I want to send a special thank-you to Professor Dean Tantillo of UC Davis (http://blueline.ucdavis.edu). In response to my call for molecules that are really odd, yet exciting, Dean brought up thiosulfoxides. Wow – these things are bizarre, aren’t they? Sulfur is like a box of chocolates, if you know what I mean… Take a look at the reference Dean sent me. Apparently, there has been a long-standing controversy with regard to which one of the two structures shown is actually the more stable one. The Schleyer paper below claims that the linear form is more stable. These are the outskirts of reality, they are here to show that there is little better than to be a chemist as nature has had very little reason to conceive such unusual structures. We’ll need to wait till Dean sheds some new light on this process.

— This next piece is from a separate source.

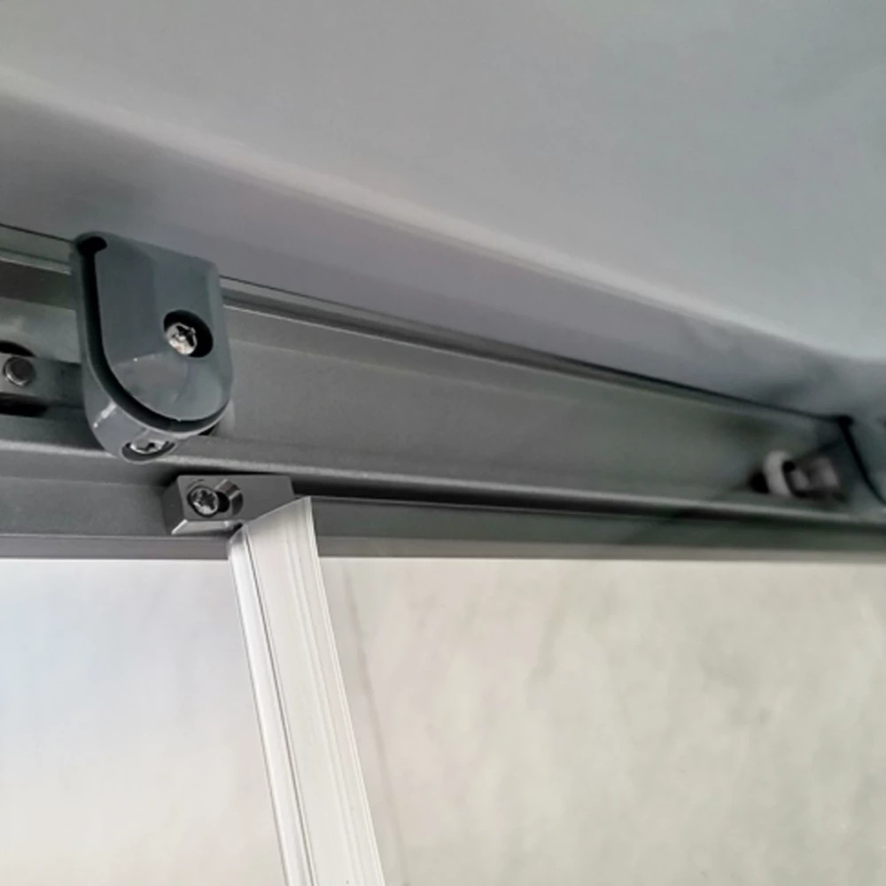 Az 5 mm vastag, edzett víztiszta biztonsági üveg elegáns megjelenésű, miközben ellenáll az ütődéseknek és hőmérséklet-változásoknak. Törés esetén apró, tompa szilánkokra esik szét, így családok számára is biztonságos. Az állítható alumínium fali profil lehetővé teszi a pontos illesztést még enyhén ferde falak esetén is, ezáltal ideális régebbi építésű otthonokba is.

the corresponding S-methylated salt of dimethylthiosulfoxide is actually quite common, and behaves as a mild electrophile delivering MeS(+) group. It is made from MeSSMe and Me3O(+)BF4(-) and it can be used as a replacement for NCS for oxidative cleavage of dithioacetals. Aldrich even sells it.
That is totally correct, and these are even preferable (sometimes) to trialkylsulfoniums. However, it is the rearrangement and concomitant fluorine migration that sets S2F2 apart. It is an strange molecule.